On a peu de détails sur l’enfance et l’adolescence d’Alix; elle grandit " en beauté et en sagesse" entre des parents qui la chérissent.
Elle est décrite comme une jeune fille sympathique, douce et modeste. Elle a, dit-on, " l’esprit sain et le jugement bon ". On envie son physique, son charme naturel et son air distingué.
Vers seize ou dix-sept ans, Alix aime le monde, elle fréquente assidûment, en compagnie de jeunes gens, toutes les fêtes mondaines des alentours. Ce sont les danses, les rires et les plaisirs futiles qui l’attirent, et non pas la vie religieuse.
À cette époque, elle se contente de quelques prières et d’une attention distraite aux offices.
La vocation
Mais la lecture d’un ouvrage sur la confession va brutalement bouleverser sa vie et éveiller sa vocation. Rien ne sera plus comme avant.
En 1595, pour hâter la convalescence de Jean le Clerc, la famille déménage et s’installe à Hymont. Ce village, calme et champêtre se situe à une demi-lieue de Mattaincourt où Alix se rend à l'église pour les offices religieux.
La rencontre de Pierre Fourier
Le 1er juin 1597, un nouveau curé a été nommé à Mattaincourt, c’est Pierre Fourier.
Avant même de le rencontrer, Alix, troublée par des rêves et des appels de Dieu, décide de changer radicalement de vie. Elle fait vœu de chasteté, elle se retranche du monde, elle porte désormais un vêtement grossier et un voile blanc, elle passe pour folle, ses parents sont désemparés.
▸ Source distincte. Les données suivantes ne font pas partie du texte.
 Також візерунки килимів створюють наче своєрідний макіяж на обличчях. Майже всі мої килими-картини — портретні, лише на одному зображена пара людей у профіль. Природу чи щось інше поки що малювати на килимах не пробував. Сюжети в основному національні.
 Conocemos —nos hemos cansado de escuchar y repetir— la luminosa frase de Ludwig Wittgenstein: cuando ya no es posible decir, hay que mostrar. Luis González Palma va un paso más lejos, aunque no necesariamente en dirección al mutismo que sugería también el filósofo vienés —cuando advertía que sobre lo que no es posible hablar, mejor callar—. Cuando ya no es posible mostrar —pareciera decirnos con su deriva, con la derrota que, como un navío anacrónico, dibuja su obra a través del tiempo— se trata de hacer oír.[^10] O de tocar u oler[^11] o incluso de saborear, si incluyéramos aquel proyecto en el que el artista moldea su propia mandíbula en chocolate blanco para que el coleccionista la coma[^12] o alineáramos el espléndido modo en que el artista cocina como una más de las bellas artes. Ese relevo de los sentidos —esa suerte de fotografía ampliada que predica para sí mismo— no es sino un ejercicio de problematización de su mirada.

Elle rencontre alors le Père Fourier à qui elle fait part de son désarroi d’avoir depuis le début de sa vie offensé Dieu.
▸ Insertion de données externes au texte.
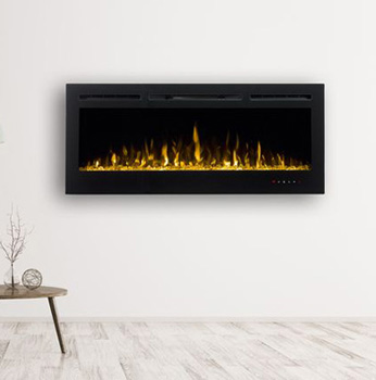 Moderný elektrický krb určený na zabudovanie s polienkami a farebným podsvietením.

Ayant refusé d’entrer chez les Clarisses de Pont-à-Mousson ou chez les Soeurs Grises d’Ormes, elle veut "faire une nouvelle maison de filles, pour y pratiquer tout le bien que l'on pourrait."
(Cf. Relation d'Alix Le Clerc)
L'origine de la Congrégation Notre-Dame
Le projet éducatif
Dans la nuit de la Saint-Sébastien, le 20 janvier1598, Pierre Fourier, en prière, comprend la suite à donner au projet d’Alix. Il va orienter ces jeunes filles vers le service de l’enfance.
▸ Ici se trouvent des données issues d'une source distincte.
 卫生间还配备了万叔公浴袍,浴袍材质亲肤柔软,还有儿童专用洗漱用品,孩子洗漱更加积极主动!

Lui-même, en effet, déplore les mentalités de son temps, les ravages de l’hérésie, les mœurs dépravées, l’ignorance du peuple qui se laisse séduire par n’importe quel mensonge.
Il mesure toute l’importance de l’éducation et de l’instruction si négligées alors.
Le nouvel Ordre qu'il va fonder avec Alix Le Clerc répondra à toutes les urgences de l'époque, en restaurant la société par l'éducation des enfants.
À Poussay
Après un séjour au couvent des Soeurs Grises d’Ormes, c’est à l’abbaye de Poussay, sur la proposition de Madame d’Apremont, dame chanoinesse, qu’Alix et ses compagnes s’installent.
Une retraite de probation, destinée à faire le point sur leur vocation est minutieusement préparée par P. Fourier.
Au terme de celle-ci, chaque participante confirme son désir de s’engager dans la vie religieuse.
C’est à ce moment que P. Fourier précise le projet de destiner l’Ordre à l’enseignement des filles.
La première école
Dès lors, la communauté des filles enseignantes est fondée, il ne lui reste qu’à recevoir des statuts et l’approbation officielle de l’Église.
Après quelque temps, les jeunes Sœurs quittent l’abbaye et s’installent dans une petite maison
en face de l’église de Poussay : ce sera la première école.
Le premier règlement
P. Fourier rédige alors le premier Règlement (dit provisionnel, c'est-à-dire provisoire) qui précise que l’enseignement est gratuit et destiné aux petites filles riches et pauvres.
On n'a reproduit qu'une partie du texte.